While the Xi-Abe meeting at the APEC summit does not indicate a resolution of the underlying issues plaguing Sino-Japanese ties, it is nevertheless a symbolic achievement. Both sides have reiterated the importance of the bilateral relationship, and agreed to establish a maritime crisis management mechanism. Should relations between the two Northeast Asian countries improve, South Korea, as the non-major power, could be relegated to the back seat in regional dynamics.

Another Northeast Asian bilateral relationship that has shown signs of thawing is that between Japan and North Korea. Anti-Japanese sentiment in North Korea stems from the former’s past colonial rule over the Korean peninsula. In Japan, hostility toward North Korea arises from the latter’s abduction of Japanese citizens in the 1970s and 1980s, as well as the nuclear and missile threat posed by the secretive regime.

This year, however, Tokyo and Pyongyang have resumed talks on the abduction issue, which had been stalled for a decade. No significant breakthrough has been made so far, but Japan has lifted some economic sanctions on Pyongyang and dangled the promise of humanitarian aid. While still very limited in nature, this development is significant because it suggests that a united US–Japan–South Korea strategy to deal with North Korea could potentially be undermined and South Korea’s interests on the issue sidelined.

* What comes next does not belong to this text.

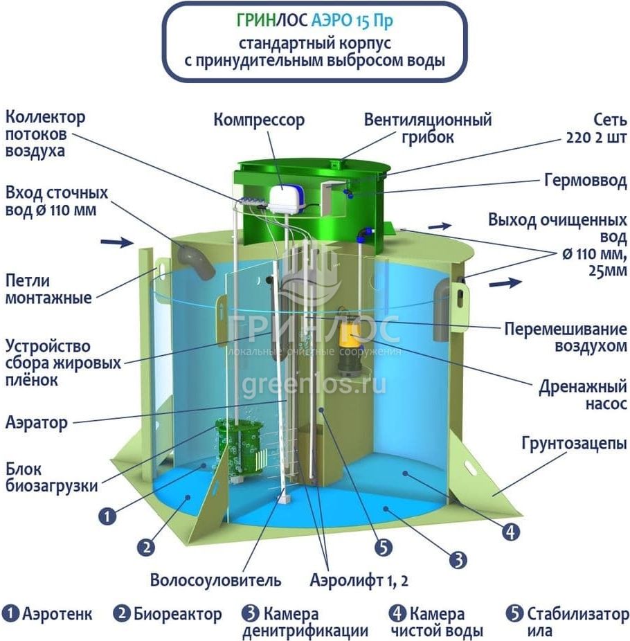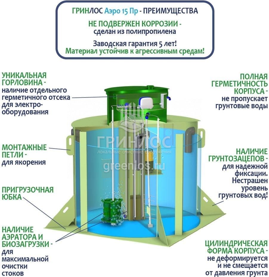 Отличительными особенностями септика ГРИНЛОС Аэро 15 Пр являются:

Admittedly, recent developments in Sino–Japan and Japan–North Korean relations might not bear fruit. After all, tensions among these countries are longstanding and arise from deep-seated historical issues that seem unlikely to be resolved anytime soon. Yet, considering the possibility of improving Sino–Japanese relations on the one hand and thawing Japan-North Korean relations on the other, South Korea could increasingly find itself diplomatically isolated from its neighbours. Park’s timely proposal of resuming the trilateral summit, therefore, could be a step to prevent that scenario from coming to pass.

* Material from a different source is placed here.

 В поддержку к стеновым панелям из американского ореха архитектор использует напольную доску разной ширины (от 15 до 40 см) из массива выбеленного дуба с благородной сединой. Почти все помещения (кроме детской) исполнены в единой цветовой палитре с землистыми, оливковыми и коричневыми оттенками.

With the Trilateral Cooperation Secretariat based in Seoul and South Korea as the current chair of the trilateral summit, Park’s proposal reminds her neighbours that South Korea could assume an important role in Northeast Asia even if it is a non-major power. At the same time, the resumption of the trilateral summit would contribute to the realisation of Park’s Northeast Asia Peace and Cooperation Initiative (NAPCI), which calls for establishing regional peace and stability through multilateral cooperation and trust.

South Korea has since the late 1990s identified itself as a middle power. In the current climate, Seoul-led progress on the trilateral summit and the NAPCI would help to further cement South Korea’s status as a middle power in regional affairs.

Sarah Teo is an Associate Research Fellow with the Multilateralism and Regionalism Programme, S. Rajaratnam School of International Studies (RSIS), Nanyang Technological University.